# ABOUT THIS EXERCISE
In the entries below, find each line where the word "Heart" appears and give only the total count of such lines.

RECORDS FOR THIS EXERCISE section start

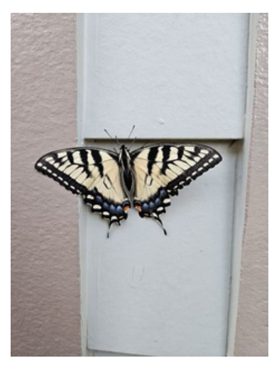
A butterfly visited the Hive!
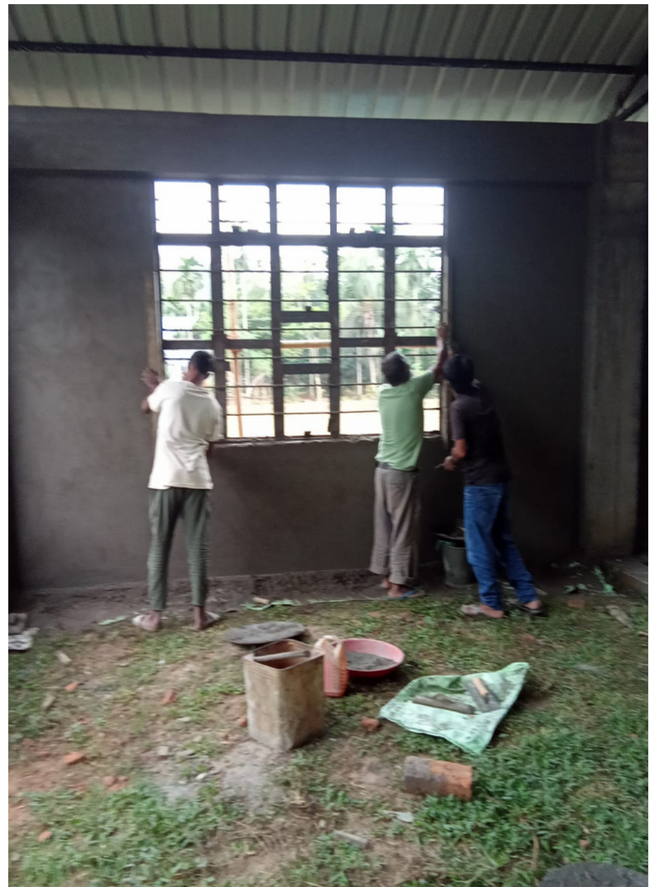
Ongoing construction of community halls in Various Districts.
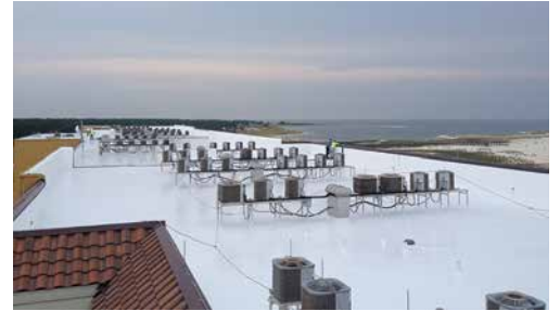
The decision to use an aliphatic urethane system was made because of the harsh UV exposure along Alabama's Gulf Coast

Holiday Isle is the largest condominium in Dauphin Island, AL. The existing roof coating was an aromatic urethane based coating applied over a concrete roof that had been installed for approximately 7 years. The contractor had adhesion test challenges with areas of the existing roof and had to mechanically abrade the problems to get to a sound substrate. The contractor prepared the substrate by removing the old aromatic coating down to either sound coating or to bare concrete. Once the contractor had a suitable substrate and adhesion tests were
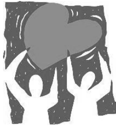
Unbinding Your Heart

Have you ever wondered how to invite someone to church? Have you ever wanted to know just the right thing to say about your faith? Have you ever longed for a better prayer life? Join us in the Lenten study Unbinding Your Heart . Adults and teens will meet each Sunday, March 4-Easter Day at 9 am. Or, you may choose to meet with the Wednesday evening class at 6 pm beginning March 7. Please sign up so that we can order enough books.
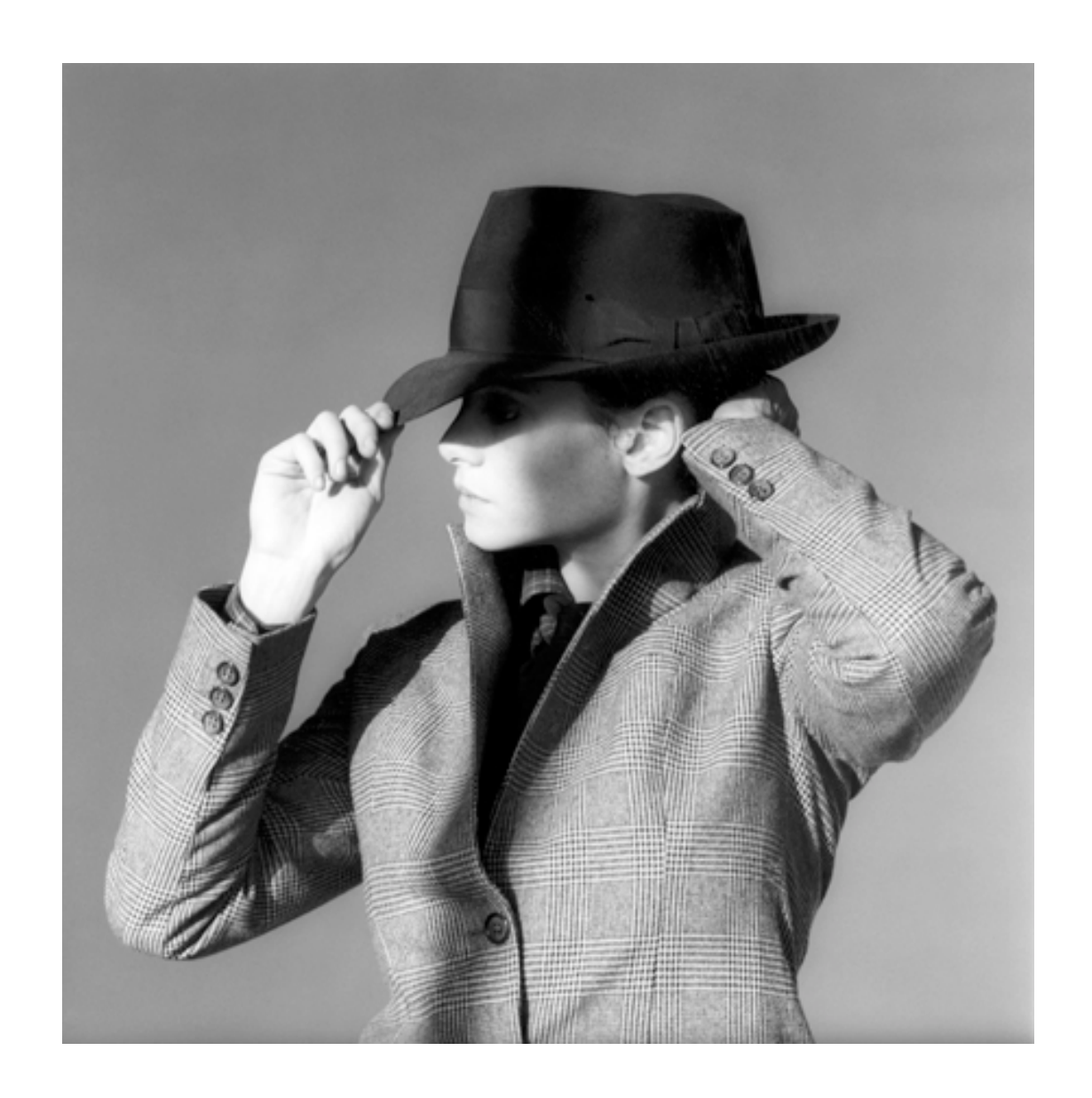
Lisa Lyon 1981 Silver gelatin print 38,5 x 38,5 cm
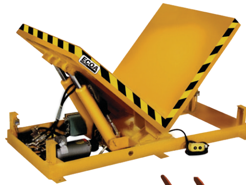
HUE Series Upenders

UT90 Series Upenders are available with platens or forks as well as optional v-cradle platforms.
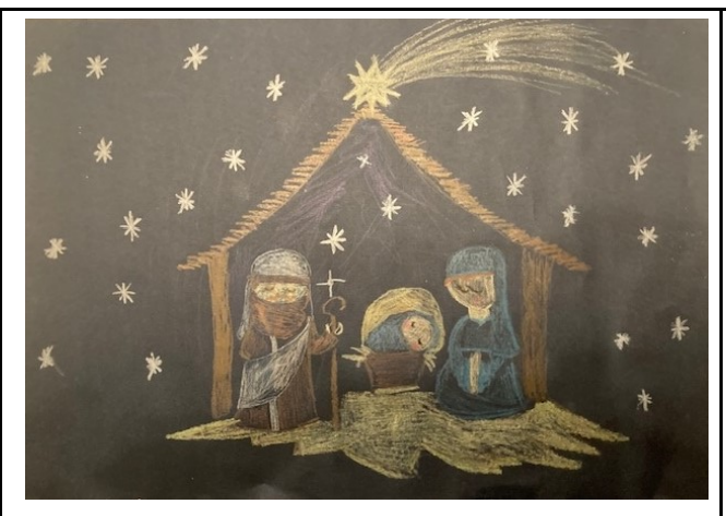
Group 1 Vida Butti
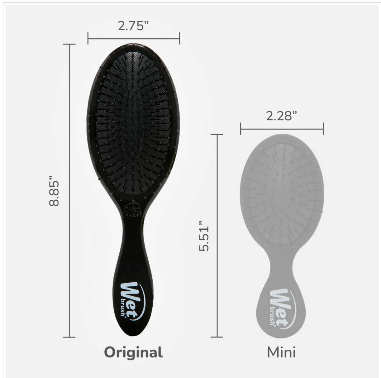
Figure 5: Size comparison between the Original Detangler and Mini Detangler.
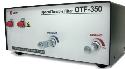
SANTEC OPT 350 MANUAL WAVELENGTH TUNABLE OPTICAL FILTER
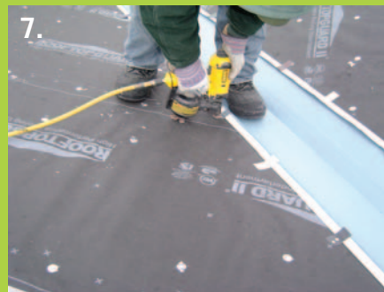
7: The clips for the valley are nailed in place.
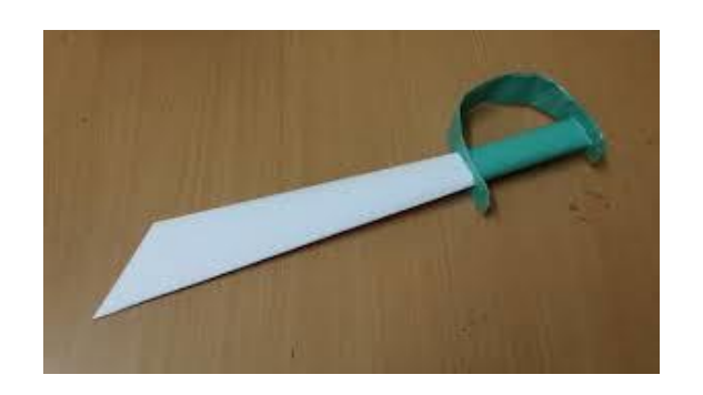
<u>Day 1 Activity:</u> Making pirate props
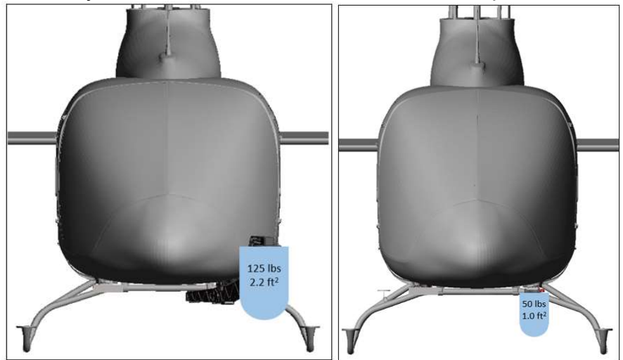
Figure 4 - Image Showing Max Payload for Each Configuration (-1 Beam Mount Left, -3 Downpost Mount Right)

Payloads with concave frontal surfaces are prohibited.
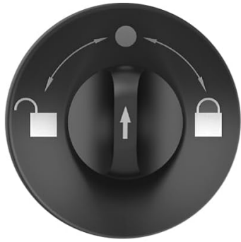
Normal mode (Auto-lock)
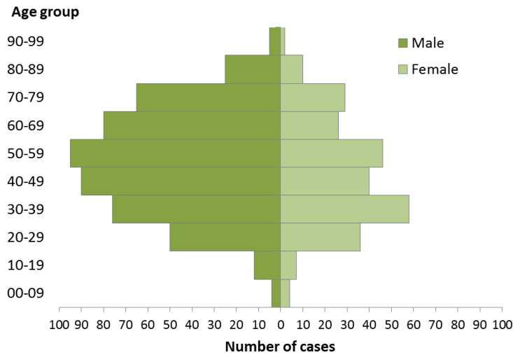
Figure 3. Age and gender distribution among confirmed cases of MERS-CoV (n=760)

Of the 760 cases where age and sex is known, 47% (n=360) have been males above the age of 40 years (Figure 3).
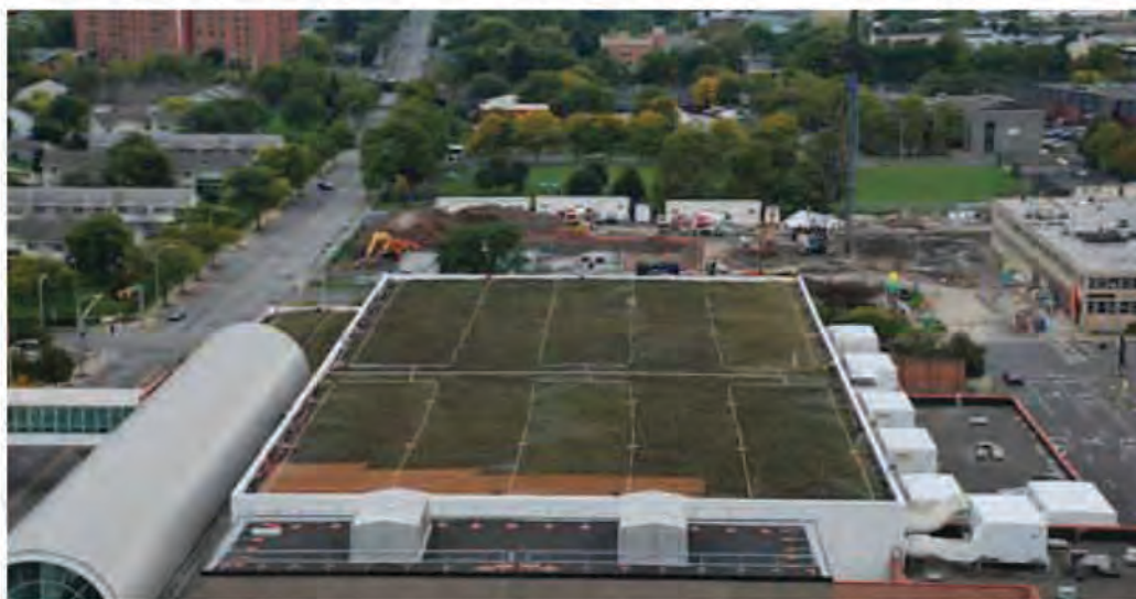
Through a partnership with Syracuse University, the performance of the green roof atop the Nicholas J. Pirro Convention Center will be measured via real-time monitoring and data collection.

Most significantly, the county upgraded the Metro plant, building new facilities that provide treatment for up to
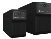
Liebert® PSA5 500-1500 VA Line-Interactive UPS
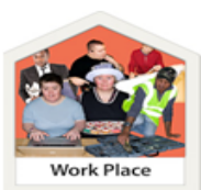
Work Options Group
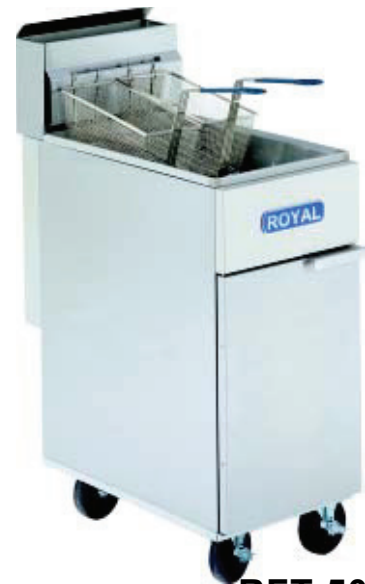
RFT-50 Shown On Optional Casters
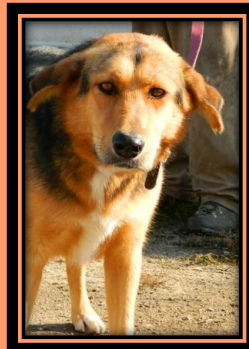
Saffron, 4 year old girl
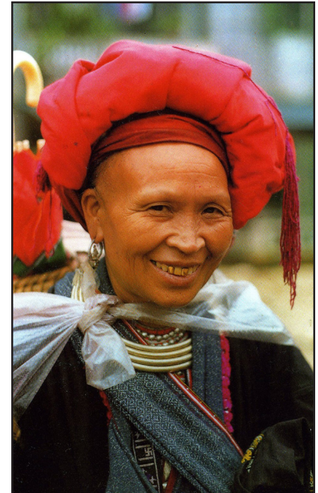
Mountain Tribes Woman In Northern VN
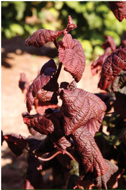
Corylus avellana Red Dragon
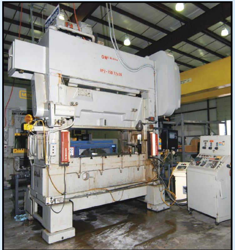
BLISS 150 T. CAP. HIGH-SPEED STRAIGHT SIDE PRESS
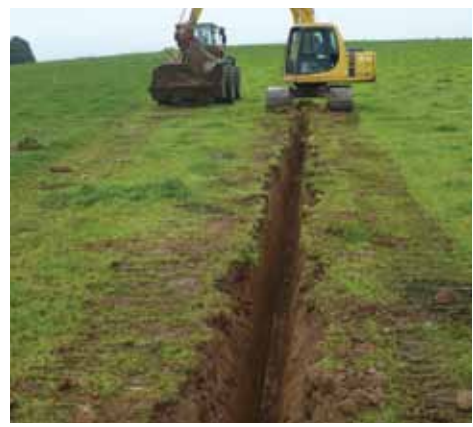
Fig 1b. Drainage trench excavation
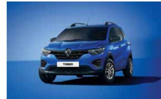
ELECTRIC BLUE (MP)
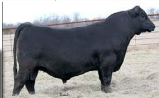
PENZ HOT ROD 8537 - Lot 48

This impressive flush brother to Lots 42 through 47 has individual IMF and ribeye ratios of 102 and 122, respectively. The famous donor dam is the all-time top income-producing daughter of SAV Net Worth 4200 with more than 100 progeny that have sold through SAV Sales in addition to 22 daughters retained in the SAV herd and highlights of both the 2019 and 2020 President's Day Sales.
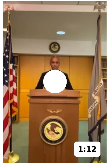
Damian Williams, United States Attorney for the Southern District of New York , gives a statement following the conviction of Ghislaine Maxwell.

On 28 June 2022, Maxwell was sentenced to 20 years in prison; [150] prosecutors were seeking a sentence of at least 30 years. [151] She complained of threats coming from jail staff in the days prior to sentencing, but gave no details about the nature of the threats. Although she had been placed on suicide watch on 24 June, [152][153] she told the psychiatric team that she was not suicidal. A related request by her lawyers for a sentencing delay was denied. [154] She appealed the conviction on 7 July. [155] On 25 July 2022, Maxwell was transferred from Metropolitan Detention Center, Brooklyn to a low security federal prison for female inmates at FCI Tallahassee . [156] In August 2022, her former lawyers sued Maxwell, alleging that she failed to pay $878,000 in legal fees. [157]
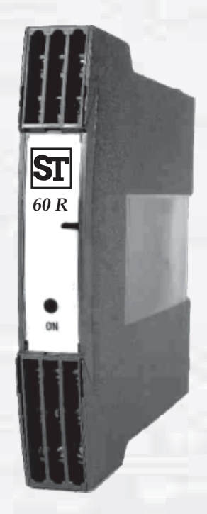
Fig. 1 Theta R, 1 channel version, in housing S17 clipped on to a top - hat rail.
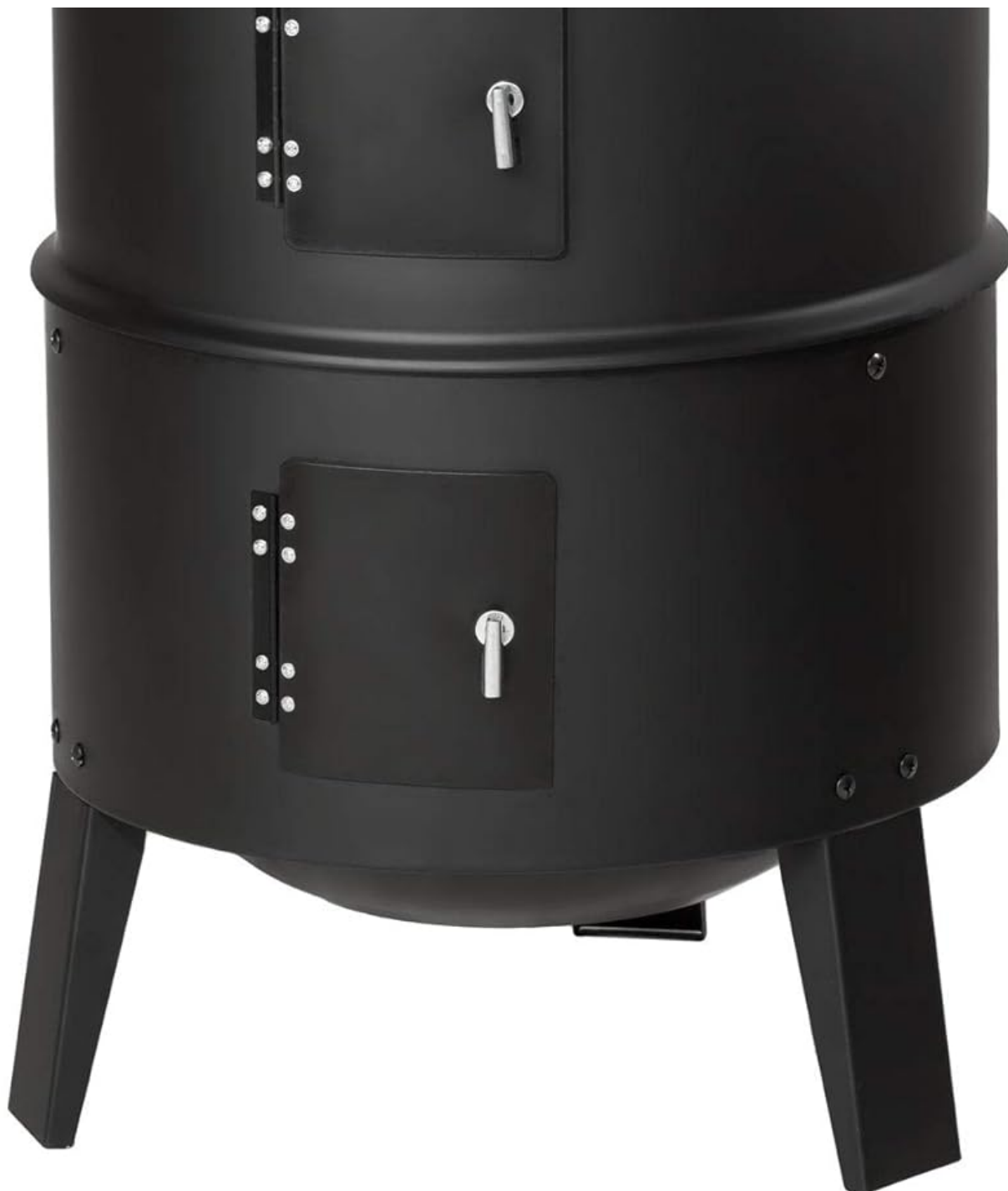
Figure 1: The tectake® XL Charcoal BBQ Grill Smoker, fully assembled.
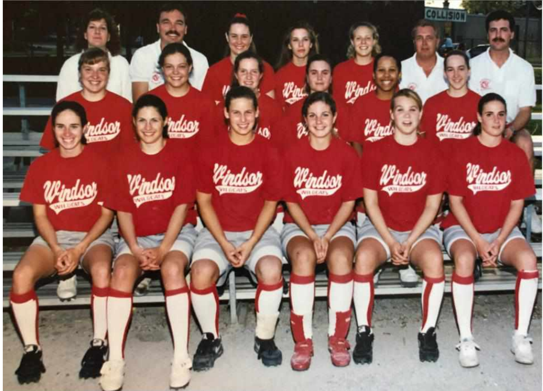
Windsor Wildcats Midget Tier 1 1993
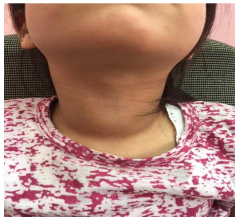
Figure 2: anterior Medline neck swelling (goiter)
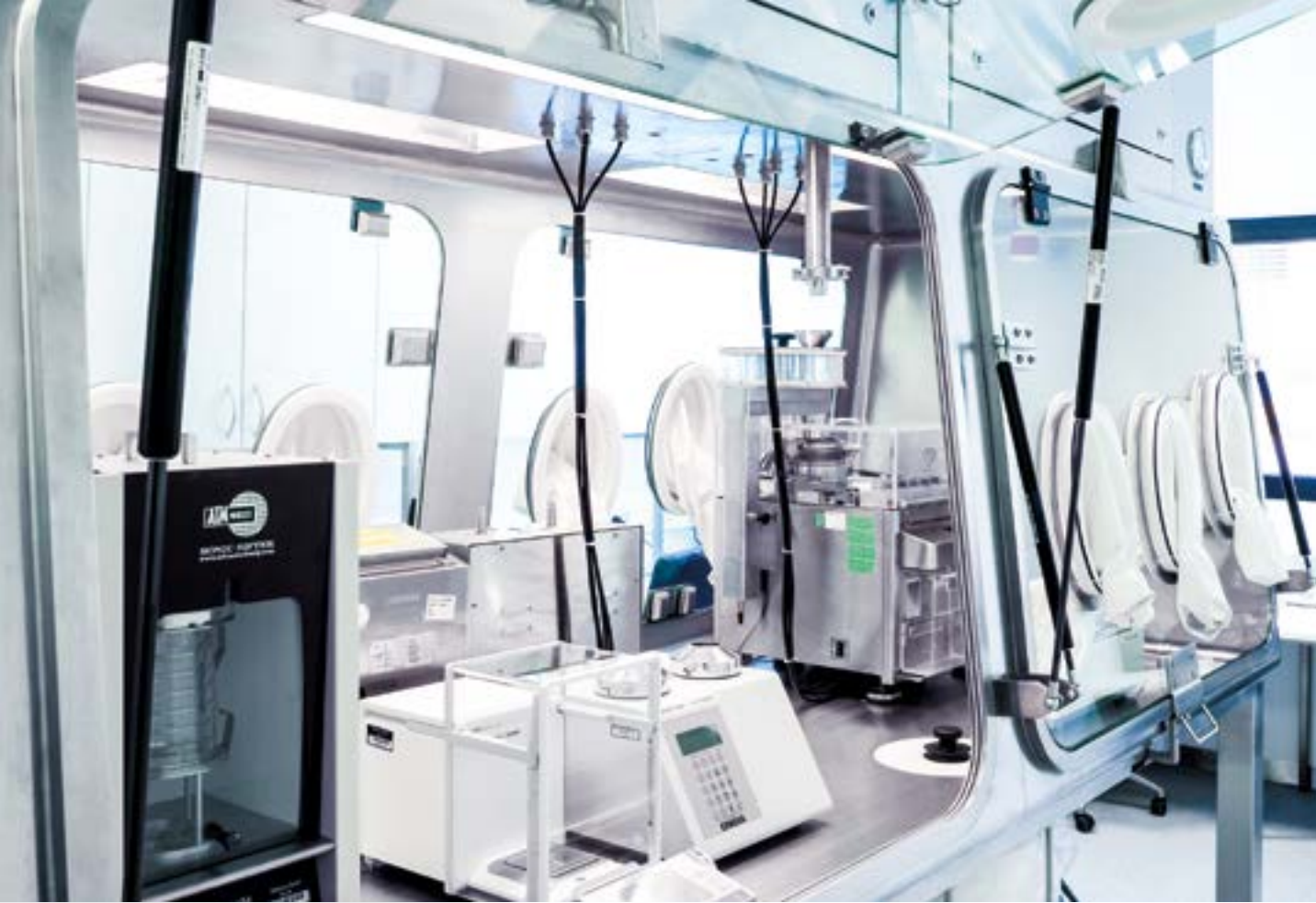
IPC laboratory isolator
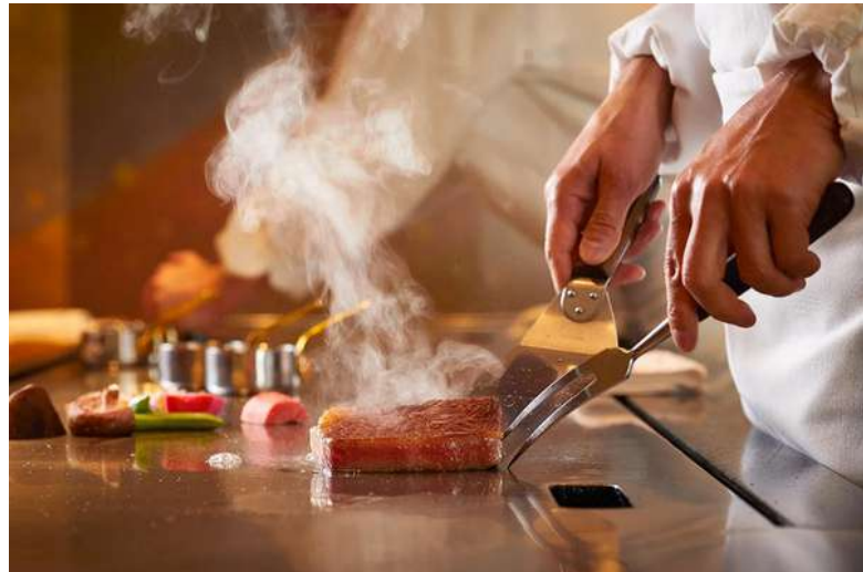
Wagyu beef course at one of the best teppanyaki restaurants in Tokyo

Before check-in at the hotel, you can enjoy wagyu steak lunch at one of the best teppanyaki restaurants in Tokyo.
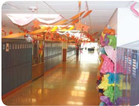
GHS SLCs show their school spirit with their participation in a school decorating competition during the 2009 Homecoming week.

RECORDS FOR THIS EXERCISE section end

# WRITTEN SOLUTION
2